RANT: I’m still often not getting out of the house at all. It can be a week or more between me getting out, and often that’s “getting out of bed.” The last week has been better with that, and it really does make a huge fucking difference in keeping the depression at bay… though obviously it doesn’t eliminate it completely. Monday I was out for my weekly therapist appointment, and it was a really emotionally intense session. I hadn’t really grasped how hard it had hit me until a while later, and I suddenly recognized how dark a place I was, how much I was stuck in the “I don’t want to exist” pit.
RAVE: Despite that, I’ve also had a few days so far this week which I’ve spent getting better acquainted with a cute little cafe I’d only been to a couple of times before, and then spending time soaking in a lovely hot tub in a lovely garden nearby. It’s self-care, and some particular forms of that which I’ve not done very much of in a long while. Small steps.
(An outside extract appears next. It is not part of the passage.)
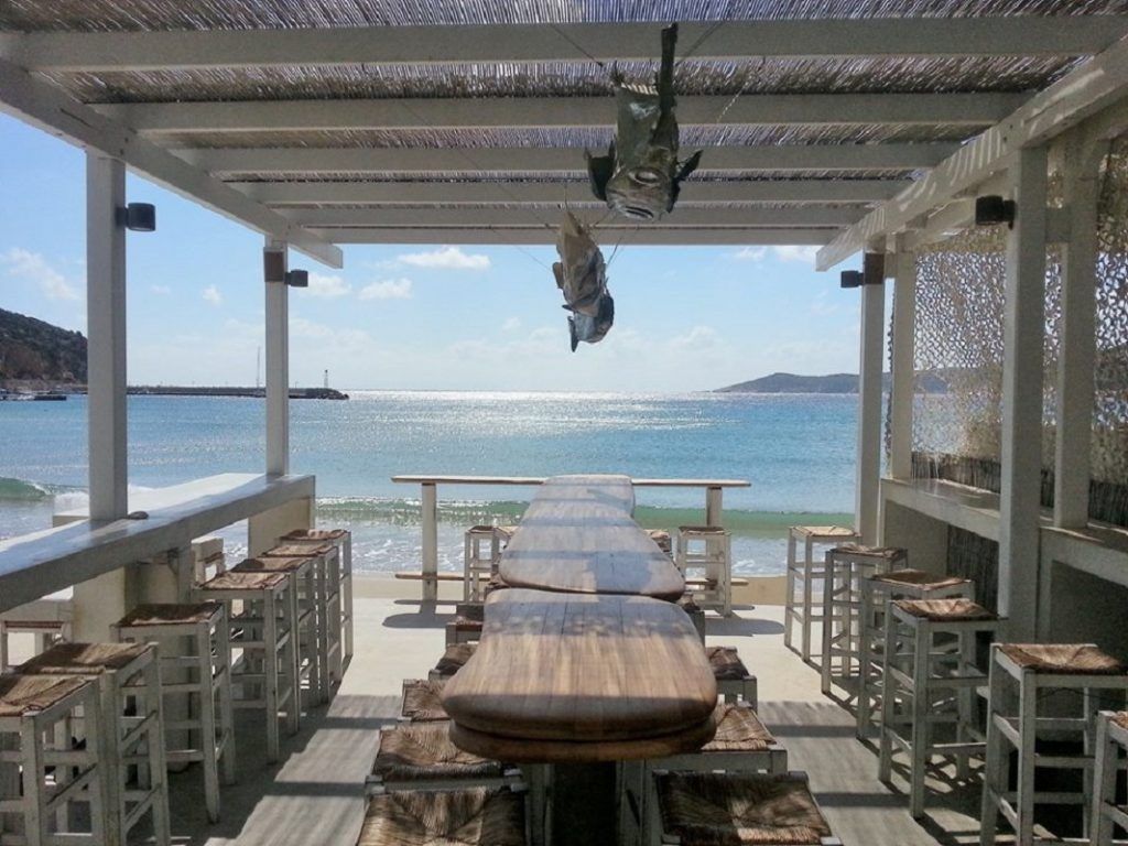 Η πρώτη εντύπωση από το χώρο; Μικρός ή καλύτερα μαζεμένος και ανεπιτήδευτος με ψηλούς ξύλινους πάγκους και ψηλά σκαμπό, όλα στον εξωτερικό χώρο ακριβώς δίπλα στην παραλία. Μοναδικό του «στολίδι», που αποκλείεται να μην τραβήξει το μάτι, τα ιδιαίτερα φωτιστικά σε σχήμα ψαριού. Σαν να λέμε ένα χαλαρό στέκι, στο οποίο μπορείς να έρθεις και αμέσως μετά το μπάνιο σου στη θάλασσα -ιδανικά έχοντας κάνει κράτηση- και στο οποίο ο μεγάλος πρωταγωνιστής είναι το φαγητό.

RAVE: Being able to share company with a whole lot of different cool people recently. There are folks out there who not only indulge me by listening to my puns and quips, but appreciate them and share their own back. People who like hearing me break into song at the slightest reference, and it hasn’t felt like I’m just being used as a party trick to get a few giggles, but that my contributions are genuinely desired and bring heartfelt smiles. It feels weird, but good-weird, and I’m recognizing as I write this that I hesitate to say “friends…” but I think that’s what I have around me more and more often. And of course, as soon as I say that, my brain launches into the thousands of reasons that it’s not really “friends” I have, and the countless things that I still lack. But I’m doing my best to shut that voice up, because, quite frankly, it’s full of shit, and I deserve to let myself believe the good things that I have instead of dismissing them out of hand. It’s work. Hard work. And it’s uncomfortable. But unlearning broken scripts, changing the things I do when they no longer serve me, adapting to what really does bring pleasure… is often an uncomfortable, messy process. But it’s worth it. So very, very worth it. Patience.